US 12,153,651 B2
Deep gradient activation map model refinement
Oren Barkan, Rishon Lezion (IL); Omri Armstrong, Raanana (IL); Amir Hertz, Tel Aviv (IL); Avi Caciularu, Tel-Aviv (IL); Ori Katz, Tel-Aviv (IL); Itzik Malkiel, Givaatayim (IL); Noam Koenigstein, Tel-Aviv (IL); and Nir Nice, Salit (IL)
Assigned to Microsoft Technology Licensing, LLC, Redmond, WA (US)
Filed by Microsoft Technology Licensing, LLC, Redmond, WA (US)
Filed on Oct. 29, 2021, as Appl. No. 17/452,961.
Prior Publication US 2023/0137744 A1, May 4, 2023
Int. Cl. G06F 18/21 (2023.01); G06F 18/213 (2023.01); G06N 3/08 (2023.01); G06V 10/46 (2022.01)
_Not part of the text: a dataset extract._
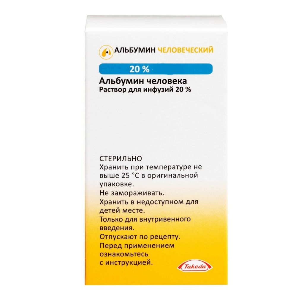 Плазмозамещающее средство, получаемое путем фракционирования человеческой плазмы. Раствор альбумина 5% является изоонкотическим плазме. Раствор альбумина 20% является гиперонкотическим, и его коллоидно-осмотический эффект превосходит таковой плазмы примерно в 4 раза. При внутривенном введении препарата повышается онкотическое давление во внутрисосудистом пространстве, что приводит к увеличению и поддержанию объема циркулирующей плазмы. Продолжительность этого эффекта у разных пациентов может различаться. У некоторых пациентов увеличение объема плазмы может сохраняться в течение нескольких часов. Альбумин является также транспортным белком, связывающим и переносящим в сосудистом русле гормоны, ферменты, лекарственные препараты.
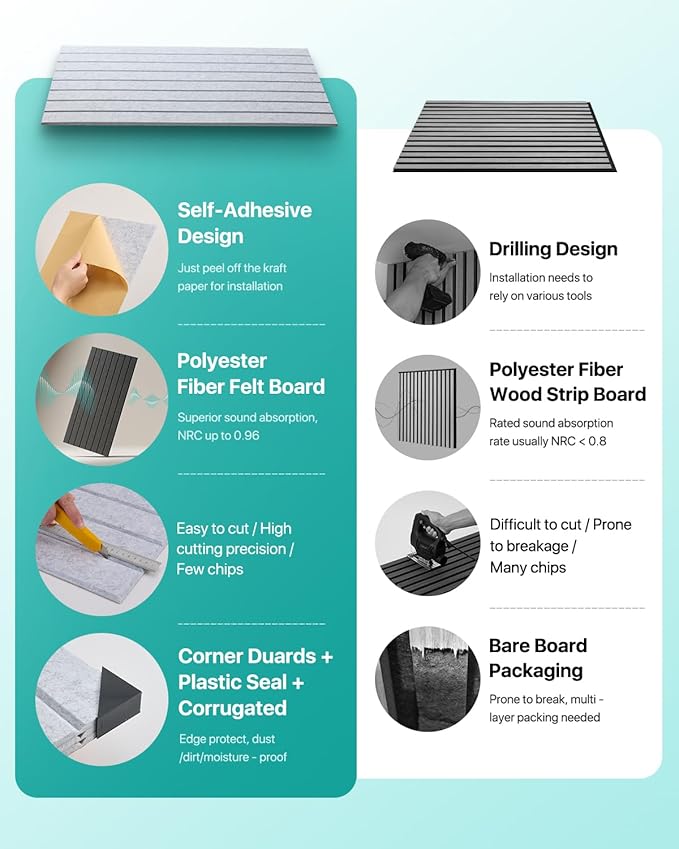 - Sound Absorption: The 0.35-inch thick felt panels can absorb up to 35% of sound waves, effectively reducing indoor echoes and background noise; create a quieter environment for home offices, study rooms, recording studios or classrooms to help improve concentration

CPC G06F 18/217 (2023.01) [G06F 18/213 (2023.01); G06N 3/08 (2013.01); G06V 10/462 (2022.01)] 17 Claims
OG exemplary drawing
 
1. A computing processor-based method of generating an aggregate saliency map using a convolutional neural network model, wherein the convolutional neural network model includes multiple encoding layers, the computing processor-based method comprising:
receiving convolutional activation maps of the convolutional neural network model into a saliency map generator, the convolutional activation maps being generated by the convolutional neural network model while computing one or more prediction scores based on unlabeled input data, each convolutional activation map corresponding to one of the multiple encoding layers;
generating, in the saliency map generator, a layer-dependent saliency map for each encoding layer of the unlabeled input data, each layer-dependent saliency map being based on a summation of element-wise products of the convolutional activation maps and their corresponding gradients;
combining the layer-dependent saliency maps into the aggregate saliency map indicating relative contributions of individual components of the unlabeled input data to the one or more prediction scores computed by the convolutional neural network model on the unlabeled input data; and
refining the convolutional neural network model based on the aggregate saliency map for the unlabeled input data.